Ten lines of Julia code! No mention of 1/2 over sqrt(x). D for "dual number", invented by Clifford in 1873.

In [None]:
struct D <: Number
    x::Float64 # value
    ϵ::Float64 # derivative
end

import Base: +, /, convert, promote_rule
a::D + b::D = D(a.x + b.x, a.ϵ + b.ϵ) # sum rule
a::D / b::D = D(a.x / b.x, (b.x * a.ϵ - a.x * b.ϵ)/b.x^2) # quotient rule
convert(::Type{D}, x::Real) = D(x, zero(x))
promote_rule(::Type{D}, ::Type{<:Number}) = D

The same babylonian algorithm with no rewrite at all computes properly the derivative as the check shows.

In [None]:
Babylonian(D(5, 1)) |> dump

In [None]:
x = 5; Babylonian(D(x, 1)), (√x, 0.5 / √x)

In [None]:
x = π; Babylonian(D(x, 1)), (√x, 0.5 / √x)

### It just works!

In [None]:
code_llvm(Babylonian, (D,); debuginfo=:none)

# Symbolically

It may be of some value to understand that the below is mathematically equivalent, though not what the computation is doing.

In [None]:
using SymPy

In [None]:
x = symbols("x")

display("Iterations as a function of x")
for k = 1:5
    display(simplify(Babylonian(x; N=k)))
end

display("Derivatives as a function of x")
for k = 1:5
    display(simplify(diff(simplify(Babylonian(x; N=k)), x)))
end

How does AD get the answer?

Note that we can rewrite our algorithm by taking the derivative of every operation to obtain the correct result.

In [None]:
function dBabylonian(x; N=10)
    t = (1+x)/2
    dt = 1/2
    for i = 2:N
        t = (t + x/t)/2
        dt = (dt + (t-x*dt)/t^2)/2;
    end
    dt
end

In [None]:
dBabylonian(5), 0.5/√5

So, basically the trick is for the computer system to do the rewrite for you, without any loss of speed or convenience.

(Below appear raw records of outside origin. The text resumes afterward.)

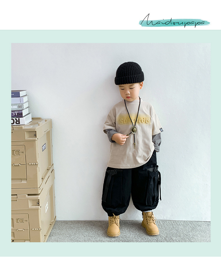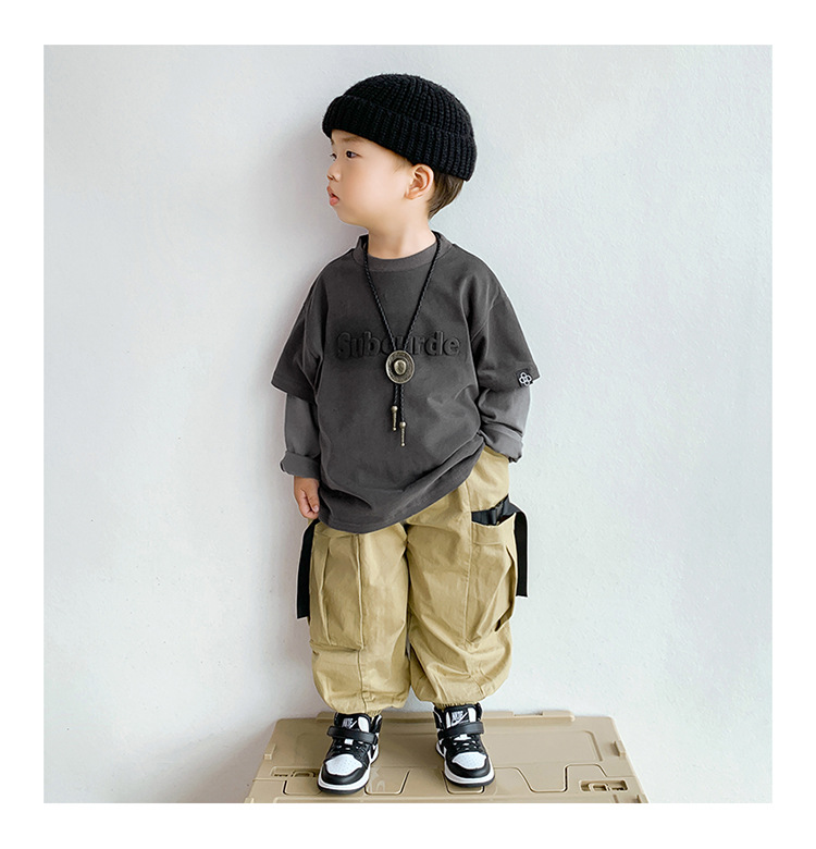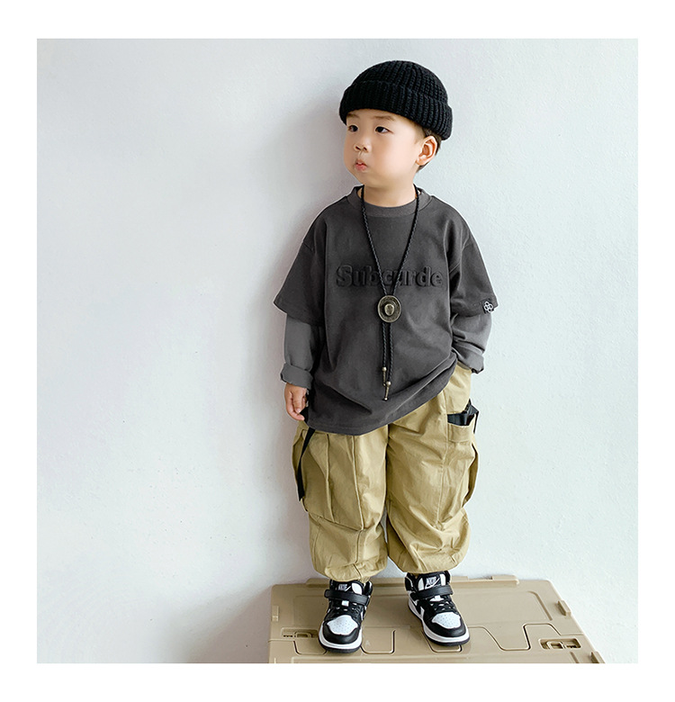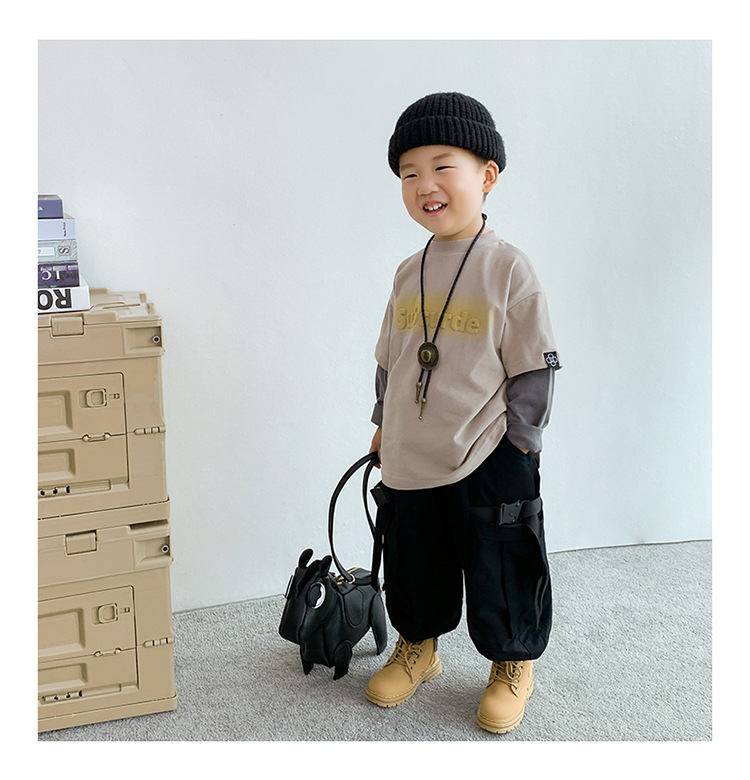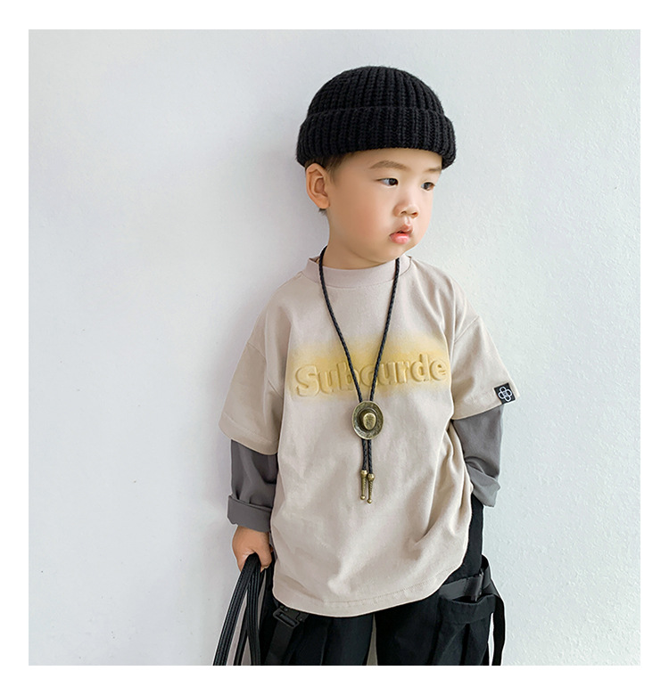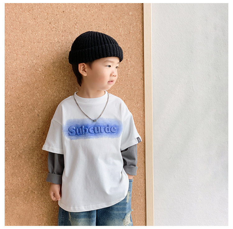 [7A 항균] AINI 어린이 양털 가짜 투피스 긴소매 티셔츠 봄 · 가을 기모 중대형 아동복 베이스 셔츠스토어 가기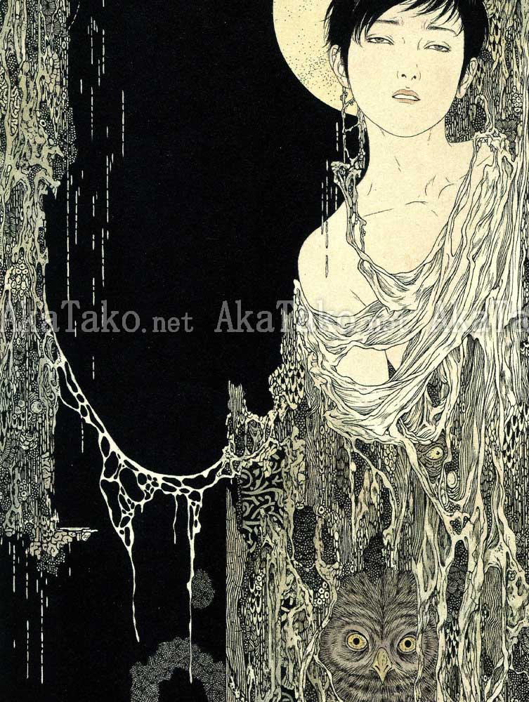 Single print from Takato Yamamoto's original print set 2. Features the work "Curtain of Night" 夜の帷 which is also reproduced in the Allure of Pharmakon book.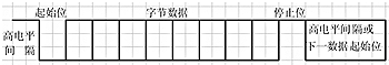 數(shù)據(jù)傳輸時(shí)使用單線串行輸出,用口線模擬串行發(fā)送,發(fā)送字節(jié)時(shí)在口線上依次發(fā)送如圖4所示數(shù)據(jù)(數(shù)據(jù)為0時(shí)拉低口線電平,數(shù)據(jù)為1時(shí)拉高口線電平),位持續(xù)時(shí)間根據(jù)波特率計(jì)算,本應(yīng)用中設(shè)定波特率為9600b/s。當(dāng)沒(méi)有數(shù)據(jù)發(fā)送時(shí),輸出口線上維持高電平。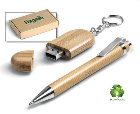 Kit acompanha pen drive de bambu 4 gb caneta de bambu com detalhes de metal, embalagem em papel kraft personalizada.
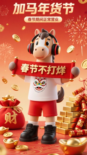 3D拟人金马身着中式服饰,置身传统市集摊位,搭配鎏金字体与金属质感装饰,融合喜庆红金配色与卡通元素,营造浓厚春节氛围。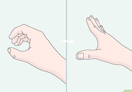 Curve your hand to stretch it into a 'C' or 'O' shape. Starting with your fingers stretched out, pretend as if you're about to grab something and move your hand into a 'C' shape. Once you've mastered this, continue moving your fingers together to create an 'O'. Release your fingers to relax them before doing this exercise again. Repeat the stretches for both hands. Do each shape 3-4 times for each hand.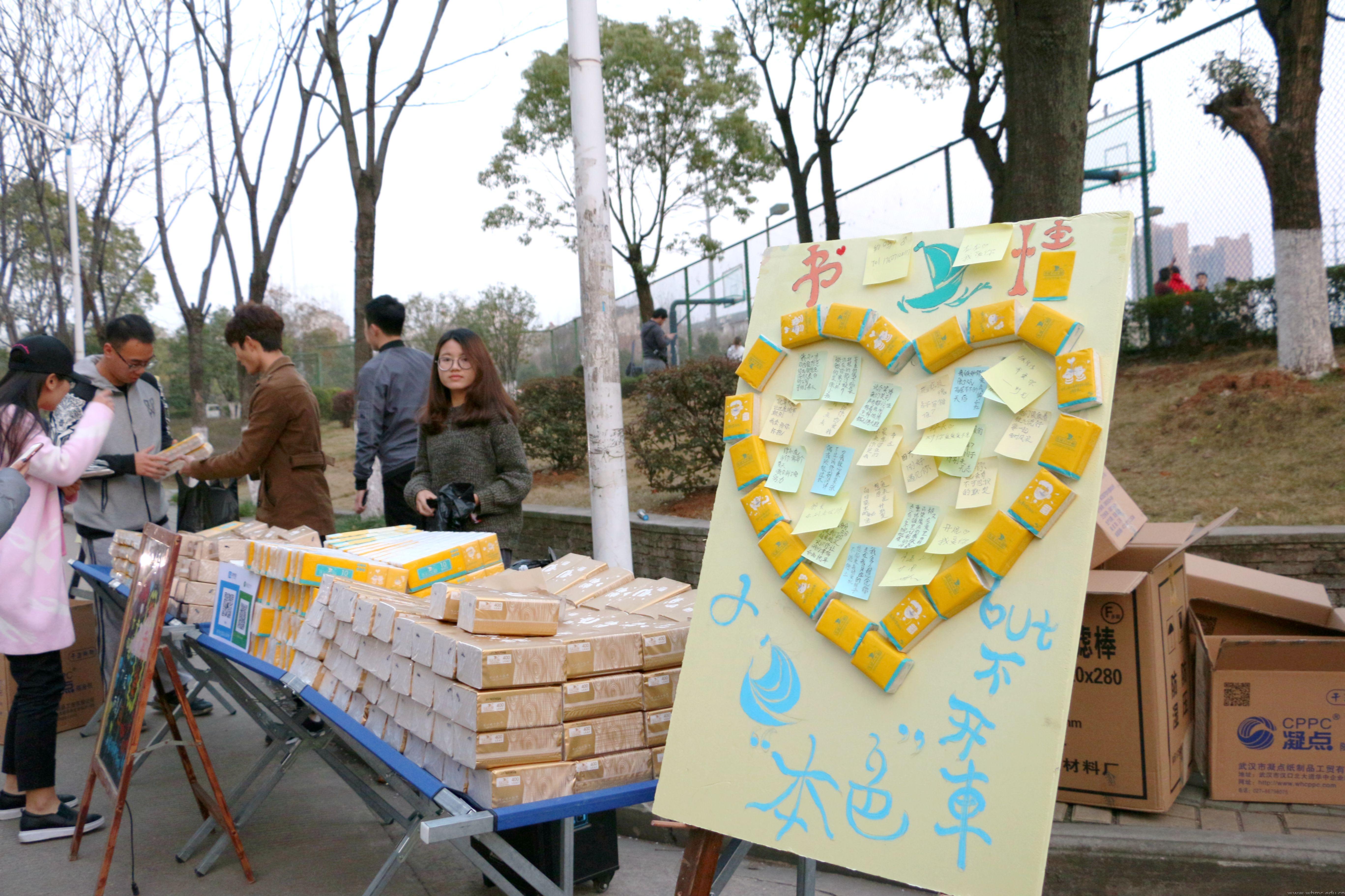 成箱的纸巾被有序地摆放在摊位上,有小包的抽纸包也有一条十包售卖的小包纸巾,两种包装,同一价位。售卖的纸巾的正面共有5种图案,分别是女生照镜子化妆的化妆型,爱心包围着情侣的恋爱型,2号球员炫耀肌肉的运动型,一手握着薯条蛋糕一边想着减肥的减肥型,以及绑着“奋斗”头巾的学霸型。纸巾的背面印着“友谊的小船”的标志。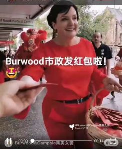 新州工党领袖及州议员麦基(Jodi Mckay MP)在2月13日大年初二,走访悉尼华人大区BURWOOD市(宝活),身穿喜庆应节的红衣裳,沿街大派红包,还有舞狮跟随,喜庆气氛十足。

Important: The derivative is substituted *before* the JIT compilation, and thus efficient compiled code is executed.

# ForwardDiff.jl

In [None]:
# utility function for our small forward AD
derivative(f::Function, x::Number) = f(D(x, one(x))).ϵ

In [None]:
derivative(Babylonian, 2)

In [None]:
derivative(x -> 1/x, 4), -1/4^2

Now that we have understood how forward AD works, we can use the more feature complete package [ForwardDiff.jl](https://github.com/JuliaDiff/ForwardDiff.jl).

In [None]:
using ForwardDiff

In [None]:
ForwardDiff.derivative(Babylonian, 2)

In [None]:
@edit ForwardDiff.derivative(Babylonian, 2)

(Note: [DiffRules.jl](https://github.com/JuliaDiff/DiffRules.jl))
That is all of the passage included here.